Я приподняла голову и заглянула в глаза Раску. Он ответил мне долгим, внимательным взглядом.
- Как получилось, что я так привязался к тебе? - задумчиво сказал он.
- Я люблю вас, хозяин, - прошептала я. - Люблю!
- А я тебя презираю, - ответил он.
Я рассмеялась; слезы снова навернулись мне на глаза.
- И тем не менее, - продолжал он, - с тех пор как я впервые увидел тебя в невольничьей клетке в Ко-ро-ба, я не мог тебя забыть. Меня неотступно преследовало желание ощутить тебя в своих объятиях.
- Я - ваша, хозяин, - пробормотала я. - Я полностью принадлежу вам. Полностью и безоговорочно. Я - ваша рабыня. Ваша беспомощная, во всем подвластная рабыня!

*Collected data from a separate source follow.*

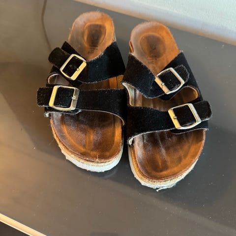 Sommerlige læder sandaler med design referencer til romerske sandaler. Brugt til en fest eller to men har stået i skabet uden at blive brugt. De fremstår næsten som ubrugte. Lukkes med en lille lynlås i hælen. Flot tysk design af Duffy. Kan afhentes ved Tølløse eller i Horne ved Fåborg efter aftale. Estimeret ny pris er 600,-
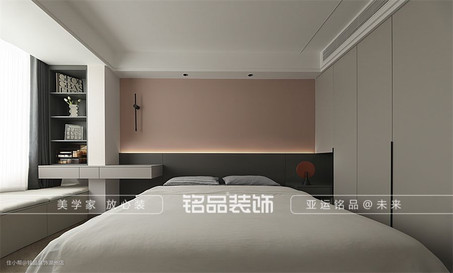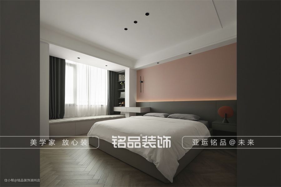 主卧格局经过调整后,形成了完整的套房结构,分别是睡眠区、书房、卫生间。 人字纹的地板,为卧室铺陈出温馨的底色。在白色围绕的墙面,莫兰迪粉的背景格外显眼,在寒冷的秋冬季节,平贴几分暖意。屋主夫妇比较时尚,欣然接受了去掉床头靠背的方式,而用半墙隔断+氛围灯的组合替代,个性十足。床侧是衣柜区,定制通顶柜满足日常衣物收纳。 屋主希望在保留卧室的同时还能拥有一个独立书房,主卧空间进深较长,将书房直接安排在了卧室里,既满足屋主的需求,又实现了功能的柔和。 卧室和书房之间有一堵隔墙,隔墙侧用了一扇长虹玻璃做隔断,实现功能区域划分独立。
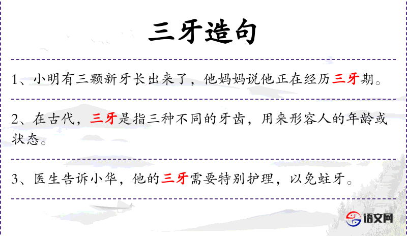 1. 【三牙】 指三岁的牲口; 犹三丫。
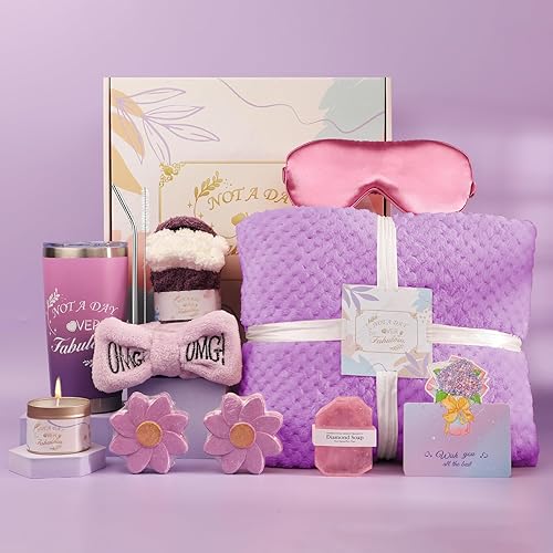 13 Pcs Self Care Gifts for Women,The Self Care Gifts Box for Women contains all carefully-designed thoughtful goodies:1x Silk Eye Mask;2x Flower Bath Bombs;1x Throw Blanket;1x 20oz Tumble with Slide Closed Lid,and Brush,Straw;1x Aluminum Cup Candle;1x Diamond Soap;1x Cozy Hair Band;1x Cozy Sleeping Socks;1x Gift Card Printed;1x Gift Box
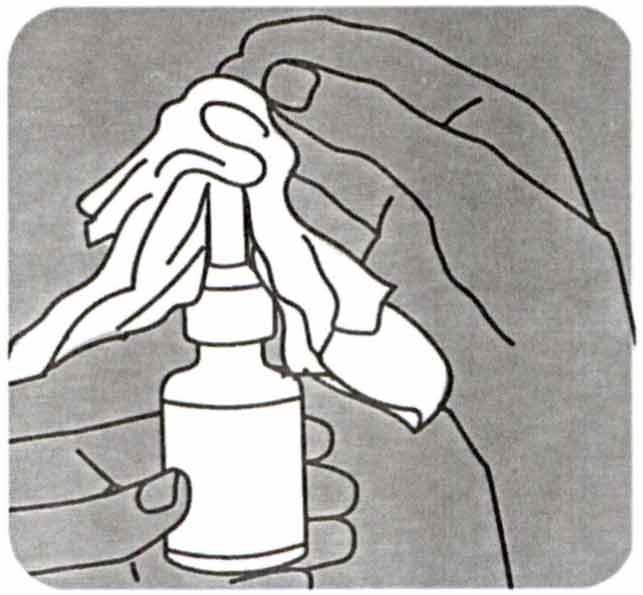 После очистки обратитесь к приведенному пункту «Заполнение дозирующего устройства препарата Риалтрис перед первым применением» и заново подготовьте дозирующее устройство, сделав 2 распыления. Закройте флакон защитном колпачком, и препарат Риалтрис готов к применению.

- Как только я тебя увидел, сразу понял, что ты никогда не сможешь стать обычной рабыней, - возразил мне Раск.
Я плотнее прижалась к его плечу и обвила рукою широкую грудь.
Он казался чем-то озадаченным, даже обеспокоенным. Он приподнялся на локте и нежным движением убрал волосы с моего лица.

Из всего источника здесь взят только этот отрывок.